Picture the dilemma. A company was invited to tender for work and it provided a quotation (which included some standard terms and conditions) and then exchanged a number of letters with the employer’s representative. It didn’t sign anything and, although it started work, it didn’t get paid. The employer is now saying that because there isn’t a contract, it doesn’t have to pay. The company isn’t sure if it has a contract with the employer, but it wants to be paid. What should it do?
A familiar scenario
This question sets out a familiar commercial scenario. At its heart, the question is really about the best way for the unpaid party to try and get its money. In a construction context, the obvious answer is to recommend the company starts an adjudication to get its money. But is it that simple and is adjudication the answer?
Contract in writing
To adjudicate a dispute, there needs to be a right (whether under contract or statute) to adjudicate. If the parties are arguing over the existance of a contract, that may mean there isn’t a contractual right. For there to be a statutory right, there needs to be a “construction contract” (sections 104 and 105, Construction Act 1996). At present, for a contract to be a construction contract, it must be made in writing, made by an exchange in writing or all its terms must be evidenced in writing (section 107, Construction Act 1996). The courts have grappled with section 107 over the last 12 years and have, on the whole, adopted a restrictive intepretation to “all its terms”. The answer is always a question of fact.
When the amendments to the Construction Act 1996 take effect (whether on 1 October 2011 or sometime later), the “in writing” requirement will no longer apply. Oral and partly oral contracts will be subject to the statutory adjudication scheme, opening up the process to a great many more construction contracts.
So, in our example, the timing of when the tender, quotation and exchange of letters took place is very important. Even if it was after 1 October 2011, while the company may not have to worry about the “in writing” requirement, it will still have to concern itself with whether there was a contract. It may not matter (from the perspective of starting an adjudication) that some or all the terms of the contract were oral, but the company still needs to establish that it has a contract under which the employer is liable to pay it. Again, this is a factual issue.
Adjudicate, seek declaratory relief, sue or try to talk?
The company seeking payment has at least four choices open to it, depending on how strong it thinks the contract arguments are: adjudicate, seek declaratory relief, sue or try to talk.
Often described as the construction industry’s “quick and dirty” process, adjudication is the obvious answer. The company could adopt a “suck it and see” approach. Issues over the terms of the contract (and even if there is one) could sensibly be referred to an adjudicator, especially a legally qualified one. There are risks, the adjudicator may make a mistake, but there is no reason why this payment dispute should not be referred. After all, this has been happening for the last 12 years and, while a considerable body of case law on section 107 has built up, surely this is only a fraction of the disputes where the adjudicator had to grapple with these issues.

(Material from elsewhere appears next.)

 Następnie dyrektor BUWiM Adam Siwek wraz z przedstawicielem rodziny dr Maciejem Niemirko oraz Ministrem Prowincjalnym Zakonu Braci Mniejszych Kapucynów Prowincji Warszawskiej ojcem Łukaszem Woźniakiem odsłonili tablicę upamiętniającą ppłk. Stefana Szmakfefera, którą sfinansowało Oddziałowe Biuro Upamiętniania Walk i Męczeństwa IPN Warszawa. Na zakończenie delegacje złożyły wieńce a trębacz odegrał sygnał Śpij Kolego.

Apply for declaratory relief
Making a CPR Part 8 application for declaratory relief is one option available to the company. It will (as ever) depend on the facts, because Part 8 is not really designed for determining substantial disputes of fact. However, the TCC may be willing to use the procedure robustly (despite what Part 8.1(2)(a) says) to sensibly dispose of issues in adjudication both before and during (and even after) an adjudication. For example, the TCC Guide says that the TCC will consider questions such as “do I have a construction contract?” or “is there a written contract?”. In the post-section 107 world, these questions may be extended to include “what are the terms of my contract?”.

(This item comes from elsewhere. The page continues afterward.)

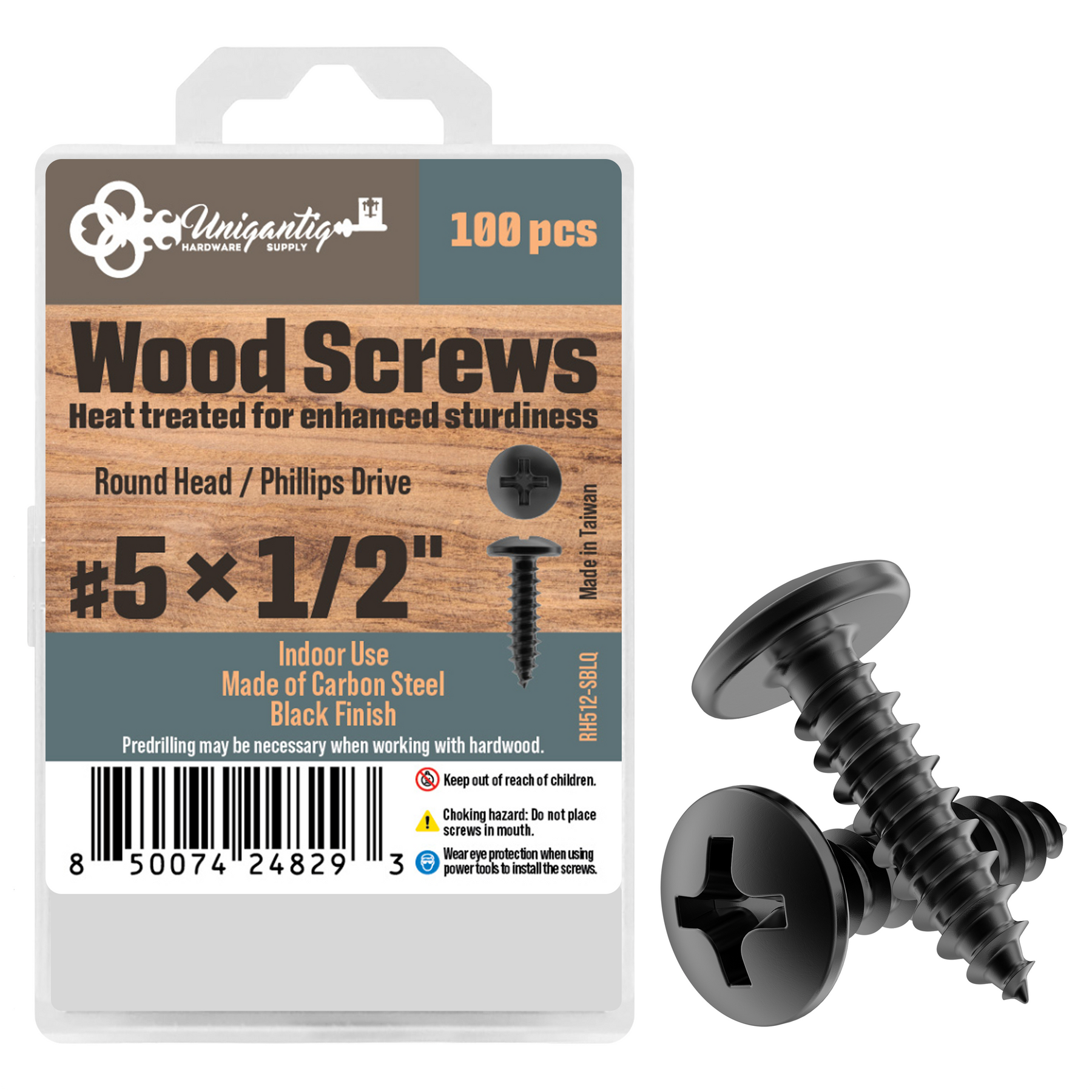 - Made of steel with a flat black finish applied, these decorative wood screws offer both strength and aesthetic appeal for any woodworking or cabinetry task.

While these questions may give rise to a “substantial dispute” on the facts, it is worth noting that, even on a Part 8 application, the court may order a party to give evidence, although it is more usual for it to consider written witness evidence.
Take the plunge and sue
This could take the form of issuing CPR Part 7 proceedings or starting an arbitration. Both options have obstacles. If court proceedings are started, the parties will need to comply with the pre-action protocol first. There are both advantages and disadvantages in doing that. Alternatively, for a right to arbitrate, the company will have to show its contract with the employer contained an arbitration clause. If there are doubts over the contract, the company is unlikely to consider that this is an attractive option.
Talk to the other side
“It’s good to talk“, or so said BT. It was right. Trying to settle a dispute by talking to the other side is a sensible approach. This could take many forms, from some form of formal ADR (like mediation) to a simple round-table discussion.
One last thought
Will it really just be “business as usual” in the post-October 2011 world? We may have said goodbye to section 107 and all its “in writing” restrictions, but are the issues that face our notional company any different to the issues that face parties now? After all, over the last 12 years, even if parties haven’t had a written contract, or have been unsure about the extent to which their contract is “evidenced in writing”, it hasn’t stopped them referring the dispute to an adjudicator; it hasn’t stopped adjudicators from making decisions about those “contracts”; and it hasn’t stopped parties from (on the whole) accepting those decisions. The TCC will assist those parties who choose to use Part 8, but it still requires them to seek declaratory relief before they embark on the adjudication route.